My question is what happens when you instead do the following. Let $D_k(X)$ be the free abelian group on formal symbols $[v_0,\ldots,v_k]_D$ where $\{v_0,\ldots,v_k\}$ is a simplex of $X$ of dimension at most $k$ (so possibly there are repetitions among the $v_i$). We can define a differential on $D_{\ast}(X)$ in the usual way.

To summarize : The difference between $D_k(X)$ and $C_k(X)$ are that

  1. In $D_k(X)$, the ordering matters (not just the orientation); for instance, if $v_0$ and $v_1$ are joined by an edge in $X$, then $[v_0,v_1]_D$ is unrelated to $[v_1,v_0]_D$, while in $C_1(X)$ we would have $[v_0,v_1]=-[v_1,v_0]$.

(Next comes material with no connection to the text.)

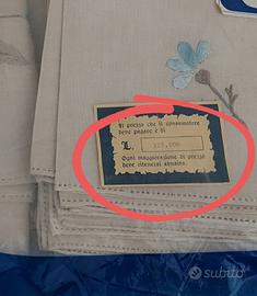 Acquistato molti anni fa e mai usato . Completo tavolo in lino con ricami a mano. Pagato 325 mila lire della vecchia moneta.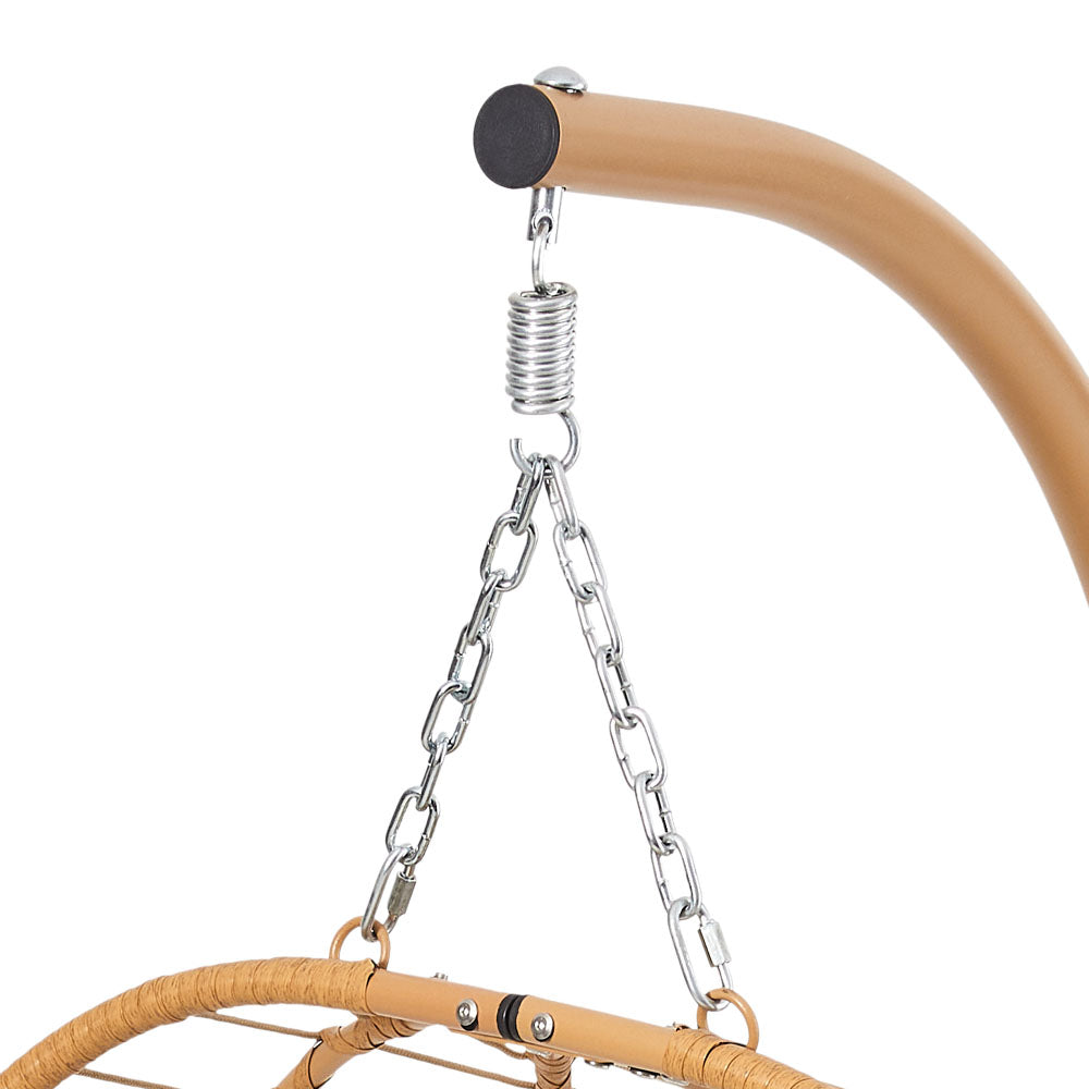 - Crafted with a powder-coated metal frame, this hanging chair offers superior strength, rust resistance, and longevity.

  2. In $D_k(X)$, we allow "degenerate" simplices that have repetitions in their simplices in our chain complex, while this is not allowed in $C_k(X)$.

Does $D_{\ast}(X)$ also compute the homology of $X$? I can verify that it works in degree $0$ (trivial) and $1$ (easy; but this would not work if we did not allow repetitions). It seems similar to stuff I've seen with simplicial sets, but I don't know the literature there enough to extract it from there.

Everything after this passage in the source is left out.